The interesting one of these is the Senate. Personally I think it’s ridiculous that the Democrats have to get 51 Senate seats to gain control. Of course, I also think it’s obscene that the way committees and so on work makes having the majority so important, but that’s a topic for another day. Nobody has a majority of seats in the Senate, so what do we use as a tiebreaker? Giving that power to whoever holds the executive branch seems like a ridiculous idea. Were the people who wrote the Constitution just tired by the time they got around to considering such possibilities, so that they just couldn’t be bothered thinking it through? Personally I think this is a good opportunity to let the people of D.C. have a voice in the Senate. Failing that, the party with either a plurality of seats or a majority of the popular vote in the most recent election – Democrats in both cases, this time – should win the tie. Oh well. Just another “charming anachronism” in our non-system of government.

Patent Claims

This probably won’t seem all that funny to people who’ve never had to do patent stuff, but I thought it was pretty hilarious. Here, via TechDirt, is one of the claims from a patent.
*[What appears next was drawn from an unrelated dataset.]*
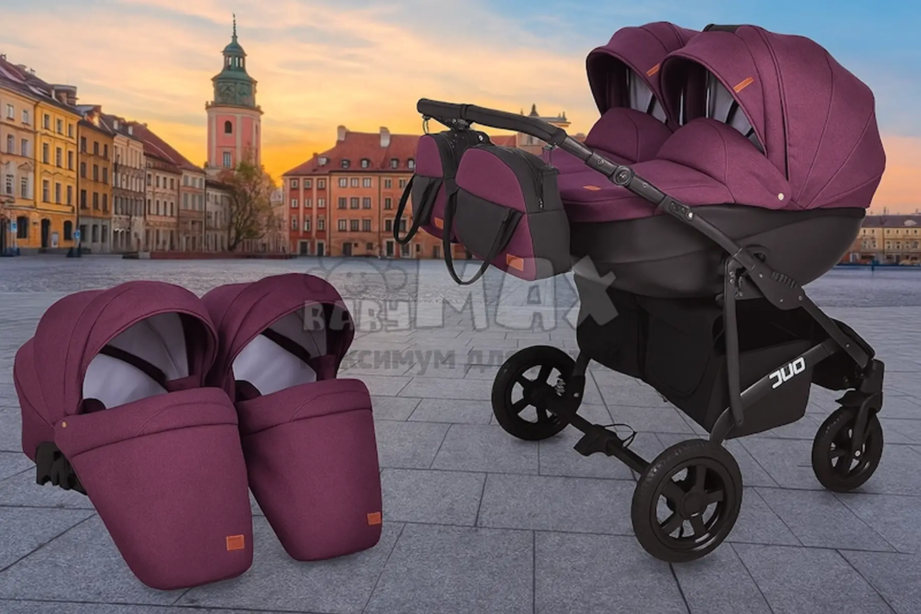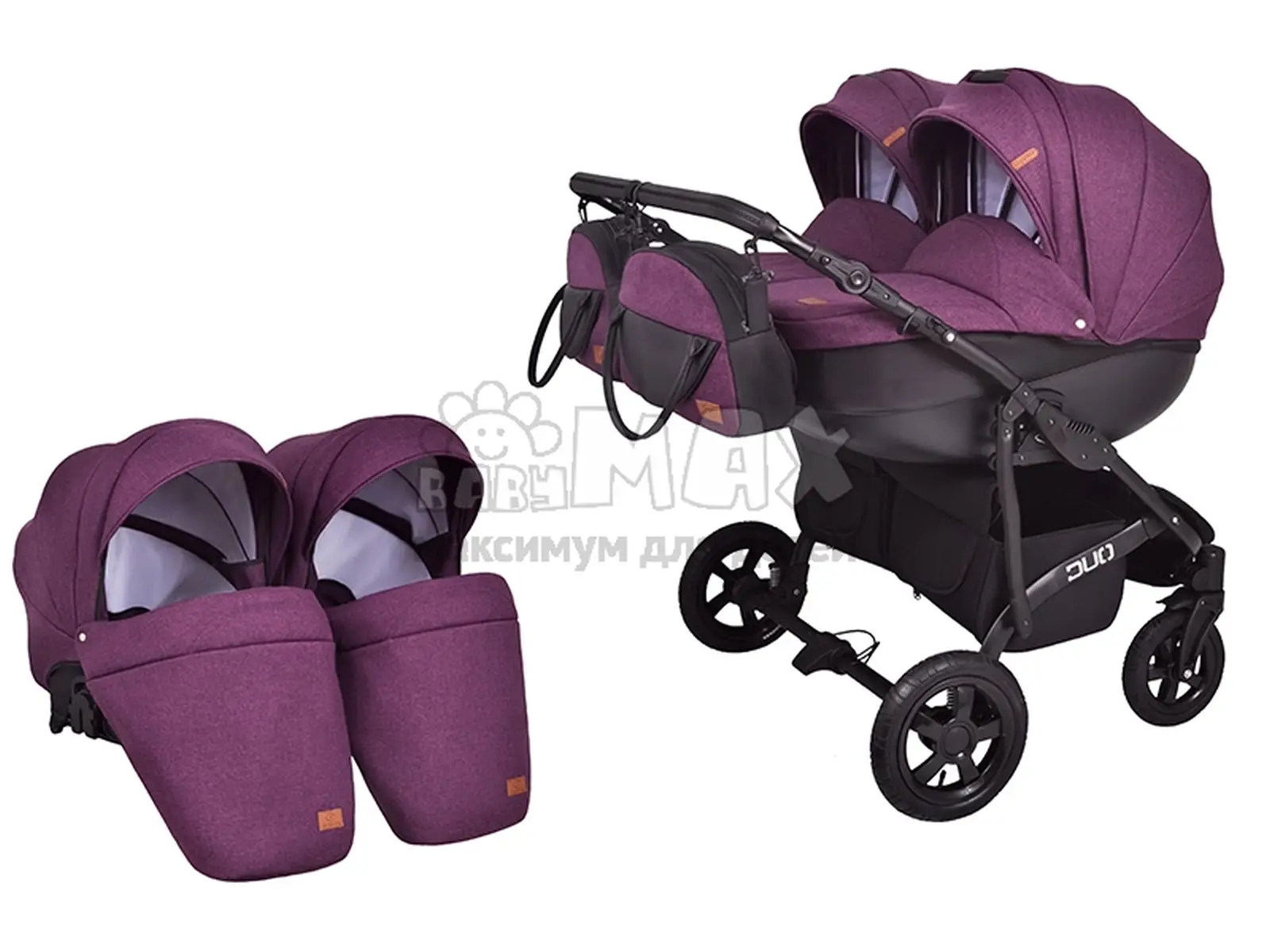 Фиолетовая коляска 2в1 для двойни Angelina Discovery Duo.

“9. The method of providing user interface displays in an image forming apparatus which is really a bogus claim included amongst real claims, and which should be removed before filing; wherein the claim is included to determine if the inventor actually read the claims and the inventor should instruct the attorneys to remove the claim.”
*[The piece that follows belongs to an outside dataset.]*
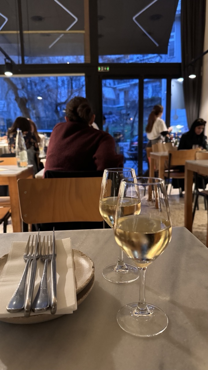 The foreground placement of the wine glasses and cutlery creates a strong visual anchor, guiding the eye into the softly blurred background. The diagonal lines of the table and window frames add subtle structure, though the composition is slightly asymmetrical, creating a natural, unposed feel.
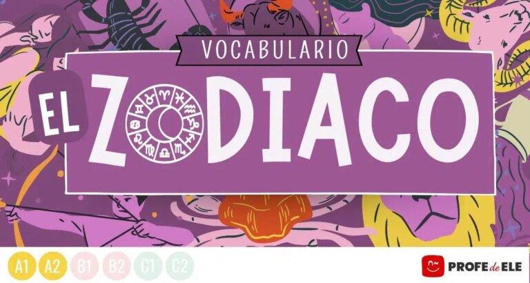 Infografía del vocabulario del zodiaco y pack de actividades interactivas para practicar el vocabulario de los 12 signos del zodiaco en español + material descargable.

Ouch. I’ve actually been doing something similar with specs for years. I always put in at least one totally irrelevant or outrageous statement in each spec, just to see if people actually read them. I’ve even put in footnotes identifying them as such, and a couple of times even offered rewards for the first person to notice, but to no avail. There are some things that you just can’t get people to read, even when it affects them.

Collected Sayings of Chairman Amy

Here are a few of the funnier things Amy has said recently.
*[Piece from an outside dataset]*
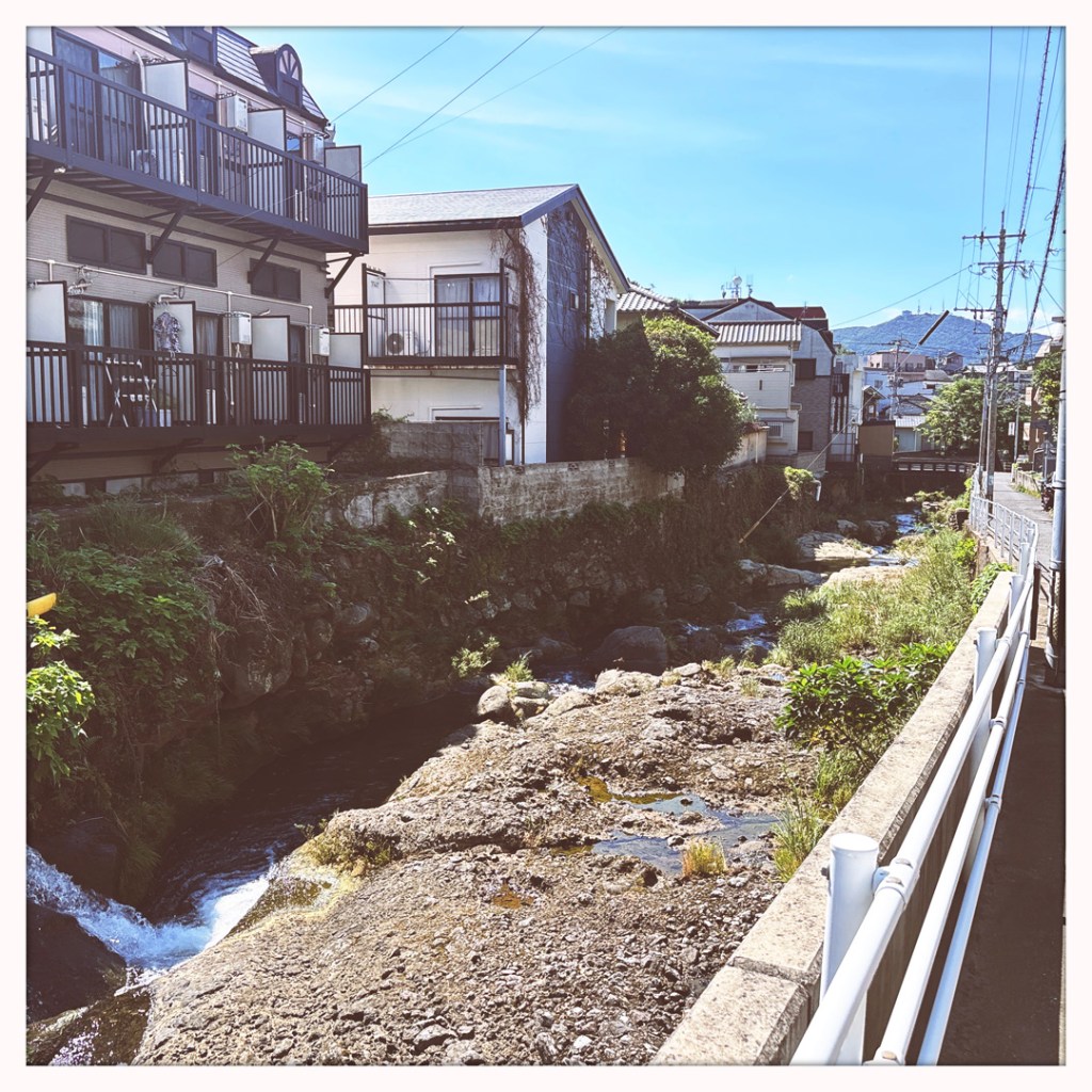 Heureusement, il y a des distributeurs partout. On peut boire et geindre sans tomber dans les pommes. Toutes les rues sont en pente. On longe un ruisseau. On passe devant des logements qui ont l’air grand comme des placards à balais. J’espère qu’ils ont la clim…

  • A while back, Amy was playing with dust motes in a shaft of sunlight. I asked if she was trying to catch the sunlight, and she seemed to like that phrase. More recently, she came up with a variant of her own: “Dropped the sunlight.”
  • Upon seeing the moon while heading to the car: “Moon on.”
  • When I was having trouble with a puzzle: “Daddy wrong.” (I’m sure I’ll hear that one again.)
  • Semi-randomly: “That’s nice” “I feel better” “Daddy says ‘MIPS’”

I’m pretty sure there are a couple more that I’ll remember at some point, but not right now. I’ll add them in comments as they come to me.